## What the task asks
Below is a listing. Set down exactly the lines from the one containing "从数据上看,工程项目容积率不" through the one containing "Платье миди из", both ends included, and leave out the rest.

## Provided information
┌──

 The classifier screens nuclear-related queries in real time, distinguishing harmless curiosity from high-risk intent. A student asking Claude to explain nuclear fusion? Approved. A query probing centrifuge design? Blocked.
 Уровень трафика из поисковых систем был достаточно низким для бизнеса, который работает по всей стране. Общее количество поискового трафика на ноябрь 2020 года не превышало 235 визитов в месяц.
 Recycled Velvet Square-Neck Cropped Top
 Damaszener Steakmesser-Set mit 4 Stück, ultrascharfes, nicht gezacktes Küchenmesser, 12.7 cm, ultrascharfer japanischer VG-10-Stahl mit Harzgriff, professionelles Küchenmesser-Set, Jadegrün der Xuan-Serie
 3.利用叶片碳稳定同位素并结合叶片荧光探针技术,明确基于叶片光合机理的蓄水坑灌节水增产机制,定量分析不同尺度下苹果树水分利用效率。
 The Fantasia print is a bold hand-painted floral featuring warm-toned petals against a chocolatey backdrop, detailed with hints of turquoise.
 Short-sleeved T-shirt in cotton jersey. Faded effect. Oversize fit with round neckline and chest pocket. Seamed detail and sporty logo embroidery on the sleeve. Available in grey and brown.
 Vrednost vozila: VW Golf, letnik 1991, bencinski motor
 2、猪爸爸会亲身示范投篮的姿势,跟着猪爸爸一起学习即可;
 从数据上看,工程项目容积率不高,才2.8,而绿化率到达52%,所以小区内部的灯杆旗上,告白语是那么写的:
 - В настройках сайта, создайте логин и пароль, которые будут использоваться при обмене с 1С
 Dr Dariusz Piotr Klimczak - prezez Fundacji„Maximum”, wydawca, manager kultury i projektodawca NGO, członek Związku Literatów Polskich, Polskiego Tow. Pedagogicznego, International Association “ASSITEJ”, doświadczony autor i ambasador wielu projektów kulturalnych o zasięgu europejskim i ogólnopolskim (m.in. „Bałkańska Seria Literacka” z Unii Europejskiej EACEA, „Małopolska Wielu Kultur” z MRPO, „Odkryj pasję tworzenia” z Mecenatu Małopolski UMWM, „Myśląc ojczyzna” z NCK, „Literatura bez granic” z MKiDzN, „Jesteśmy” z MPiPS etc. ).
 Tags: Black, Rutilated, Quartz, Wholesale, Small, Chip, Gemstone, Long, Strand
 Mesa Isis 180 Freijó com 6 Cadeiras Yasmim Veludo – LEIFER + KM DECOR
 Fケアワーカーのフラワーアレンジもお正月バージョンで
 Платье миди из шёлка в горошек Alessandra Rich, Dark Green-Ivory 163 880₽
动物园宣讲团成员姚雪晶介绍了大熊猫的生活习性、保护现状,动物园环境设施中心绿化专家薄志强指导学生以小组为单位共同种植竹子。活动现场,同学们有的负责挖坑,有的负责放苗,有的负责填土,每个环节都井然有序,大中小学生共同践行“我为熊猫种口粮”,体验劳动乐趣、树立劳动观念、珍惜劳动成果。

└──

## Solution to the exercise
 从数据上看,工程项目容积率不高,才2.8,而绿化率到达52%,所以小区内部的灯杆旗上,告白语是那么写的:
 - В настройках сайта, создайте логин и пароль, которые будут использоваться при обмене с 1С
 Dr Dariusz Piotr Klimczak - prezez Fundacji„Maximum”, wydawca, manager kultury i projektodawca NGO, członek Związku Literatów Polskich, Polskiego Tow. Pedagogicznego, International Association “ASSITEJ”, doświadczony autor i ambasador wielu projektów kulturalnych o zasięgu europejskim i ogólnopolskim (m.in. „Bałkańska Seria Literacka” z Unii Europejskiej EACEA, „Małopolska Wielu Kultur” z MRPO, „Odkryj pasję tworzenia” z Mecenatu Małopolski UMWM, „Myśląc ojczyzna” z NCK, „Literatura bez granic” z MKiDzN, „Jesteśmy” z MPiPS etc. ).
 Tags: Black, Rutilated, Quartz, Wholesale, Small, Chip, Gemstone, Long, Strand
 Mesa Isis 180 Freijó com 6 Cadeiras Yasmim Veludo – LEIFER + KM DECOR
 Fケアワーカーのフラワーアレンジもお正月バージョンで
 Платье миди из шёлка в горошек Alessandra Rich, Dark Green-Ivory 163 880₽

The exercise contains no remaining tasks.